Exercise objective ::
Write out the lines of the material below exactly, beginning at the line with "(SOL) Address: GRxRg5S2yqVNPGZez63Bg2ALBLCviWX2X5Q37QRaHarg" and stopping after the line with "7、再把制作好的牛肉馅料包入", and leave out the pictures.

Dataset excerpts ::
■ ■ ■ ■ ■
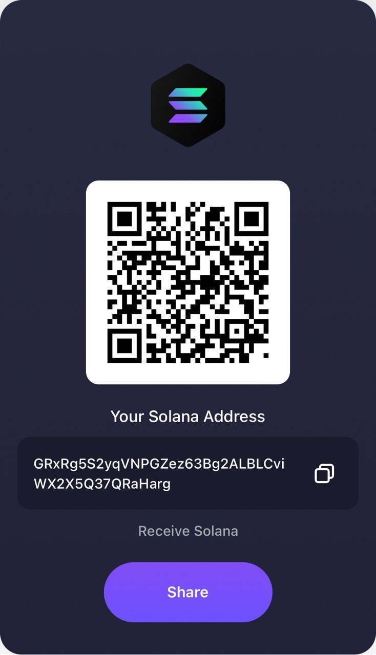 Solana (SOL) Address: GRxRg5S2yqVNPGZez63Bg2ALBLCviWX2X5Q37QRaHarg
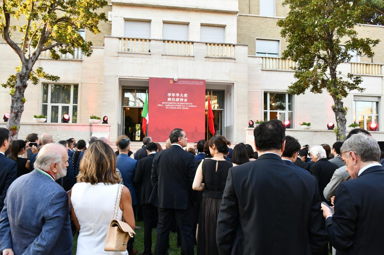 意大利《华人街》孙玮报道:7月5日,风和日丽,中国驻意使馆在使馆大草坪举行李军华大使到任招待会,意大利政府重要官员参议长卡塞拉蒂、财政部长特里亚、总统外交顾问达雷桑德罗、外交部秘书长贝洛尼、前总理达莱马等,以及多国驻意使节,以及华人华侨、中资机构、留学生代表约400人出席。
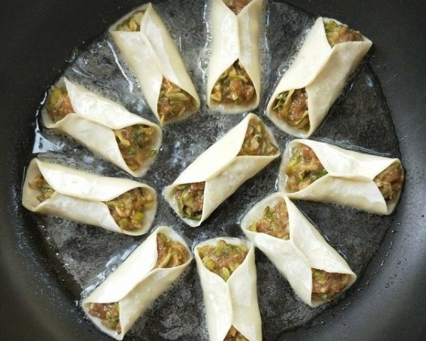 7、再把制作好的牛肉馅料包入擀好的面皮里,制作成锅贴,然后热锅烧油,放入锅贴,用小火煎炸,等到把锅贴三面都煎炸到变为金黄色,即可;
■ ■ ■ ■ ■
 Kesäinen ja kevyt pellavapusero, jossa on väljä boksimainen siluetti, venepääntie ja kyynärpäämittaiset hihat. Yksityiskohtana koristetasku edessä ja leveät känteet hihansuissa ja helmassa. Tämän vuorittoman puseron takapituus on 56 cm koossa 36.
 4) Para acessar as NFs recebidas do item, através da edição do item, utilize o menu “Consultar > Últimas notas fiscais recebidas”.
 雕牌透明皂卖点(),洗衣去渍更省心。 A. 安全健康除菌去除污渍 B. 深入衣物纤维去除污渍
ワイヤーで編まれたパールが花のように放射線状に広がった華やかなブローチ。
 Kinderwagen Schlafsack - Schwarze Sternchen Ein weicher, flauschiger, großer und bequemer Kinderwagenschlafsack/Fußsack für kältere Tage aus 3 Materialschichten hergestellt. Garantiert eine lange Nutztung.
■ ■ ■ ■ ■
Exercise response ::
 Solana (SOL) Address: GRxRg5S2yqVNPGZez63Bg2ALBLCviWX2X5Q37QRaHarg
 意大利《华人街》孙玮报道:7月5日,风和日丽,中国驻意使馆在使馆大草坪举行李军华大使到任招待会,意大利政府重要官员参议长卡塞拉蒂、财政部长特里亚、总统外交顾问达雷桑德罗、外交部秘书长贝洛尼、前总理达莱马等,以及多国驻意使节,以及华人华侨、中资机构、留学生代表约400人出席。
 7、再把制作好的牛肉馅料包入擀好的面皮里,制作成锅贴,然后热锅烧油,放入锅贴,用小火煎炸,等到把锅贴三面都煎炸到变为金黄色,即可;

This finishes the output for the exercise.